The Six Climate-Related Pathogens-Wind

Wind pertains to spring, so more Wind-induced diseases occur in spring although Wind-induced diseases occur in other seasons. Disease-causing Winds have the following characteristics:

(1) Wind tends to move up and out. As a Yang pathogenic factor, it has light, ascending, floating, and opening/releasing properties, which tend to exit. Therefore, Wind often invades the exterior body, and induces diseases with symptoms in the skin, muscles, and head, including headache, running nose, respiration, and cold aversion.
(2) Wind tends to move restlessly, so Wind-induced diseases may change sites.
Wind Bi Syndrome pain may arise in different sites at different times. “Inner Movement of Wind Qi,” usually caused by special pathogens, may manifest as convulsions, spasms, limb vibration, and abnormal movement.
“Liver Wind,” combined with organ dysfunction, is an Inner Wind generally induced by external Wind. Liver Wind symptoms include dizziness and vertigo, where one may feel that the body or surrounding objects are moving.
(3) Wind changes without limits, so Wind-induced diseases may change without rules.
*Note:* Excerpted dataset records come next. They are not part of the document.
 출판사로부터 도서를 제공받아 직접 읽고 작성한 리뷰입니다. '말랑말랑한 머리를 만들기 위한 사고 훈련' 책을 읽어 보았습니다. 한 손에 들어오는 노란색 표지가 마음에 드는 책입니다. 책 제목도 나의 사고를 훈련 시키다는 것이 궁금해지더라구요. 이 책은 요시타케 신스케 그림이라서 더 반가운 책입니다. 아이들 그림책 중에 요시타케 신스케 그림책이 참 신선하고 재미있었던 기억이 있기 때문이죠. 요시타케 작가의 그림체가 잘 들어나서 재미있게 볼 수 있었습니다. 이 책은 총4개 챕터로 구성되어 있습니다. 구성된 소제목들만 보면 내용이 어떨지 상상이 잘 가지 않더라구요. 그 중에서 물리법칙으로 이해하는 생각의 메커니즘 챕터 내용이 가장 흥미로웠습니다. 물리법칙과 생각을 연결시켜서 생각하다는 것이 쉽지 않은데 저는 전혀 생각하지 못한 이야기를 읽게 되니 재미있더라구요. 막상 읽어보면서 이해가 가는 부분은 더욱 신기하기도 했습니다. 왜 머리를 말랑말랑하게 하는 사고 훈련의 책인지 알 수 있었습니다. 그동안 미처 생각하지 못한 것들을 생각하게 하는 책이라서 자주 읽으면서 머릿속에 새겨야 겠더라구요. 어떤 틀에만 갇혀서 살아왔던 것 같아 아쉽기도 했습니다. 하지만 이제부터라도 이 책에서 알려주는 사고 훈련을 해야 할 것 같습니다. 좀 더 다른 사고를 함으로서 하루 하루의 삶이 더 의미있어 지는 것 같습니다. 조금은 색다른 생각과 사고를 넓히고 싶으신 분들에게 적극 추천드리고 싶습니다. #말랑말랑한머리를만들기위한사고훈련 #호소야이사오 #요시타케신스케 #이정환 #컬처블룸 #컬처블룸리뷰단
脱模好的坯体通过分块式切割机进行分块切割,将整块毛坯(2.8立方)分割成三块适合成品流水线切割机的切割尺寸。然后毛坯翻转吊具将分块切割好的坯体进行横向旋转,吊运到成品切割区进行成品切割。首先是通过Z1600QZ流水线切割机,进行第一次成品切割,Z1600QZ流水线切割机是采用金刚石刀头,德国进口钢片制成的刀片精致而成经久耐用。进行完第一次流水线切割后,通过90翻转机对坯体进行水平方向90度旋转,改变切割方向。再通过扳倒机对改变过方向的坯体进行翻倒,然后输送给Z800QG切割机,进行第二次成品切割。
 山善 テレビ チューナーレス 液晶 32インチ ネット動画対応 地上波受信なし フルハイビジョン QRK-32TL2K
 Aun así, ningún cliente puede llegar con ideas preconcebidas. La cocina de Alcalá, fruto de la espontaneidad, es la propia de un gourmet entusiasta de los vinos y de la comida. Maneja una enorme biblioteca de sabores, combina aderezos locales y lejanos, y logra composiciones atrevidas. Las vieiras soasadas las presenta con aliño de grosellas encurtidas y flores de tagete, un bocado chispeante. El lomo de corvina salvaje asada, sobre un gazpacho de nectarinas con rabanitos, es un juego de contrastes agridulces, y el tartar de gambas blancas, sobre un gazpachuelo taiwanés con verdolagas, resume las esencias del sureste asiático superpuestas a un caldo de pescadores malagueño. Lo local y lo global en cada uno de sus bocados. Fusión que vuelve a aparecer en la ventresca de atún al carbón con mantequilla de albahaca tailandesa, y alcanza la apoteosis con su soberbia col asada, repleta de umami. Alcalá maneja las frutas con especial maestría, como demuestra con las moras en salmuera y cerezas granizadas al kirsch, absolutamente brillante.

Wind-induced diseases may appear quickly and recover quickly. For example eczema or itching skin may quickly change sites.
(4) Wind, the most powerful pathogenic factor, often opens the way for other pathogens. Therefore, in traditional Chinese medicine, Wind is called the leader of the six pathogens, or the first, most common among the six pathogens. Wind invasion may induce Wind-Cold syndrome, Wind-Damp syndrome, Wind-Dry syndrome, Wind-Heat syndrome, or other syndromes.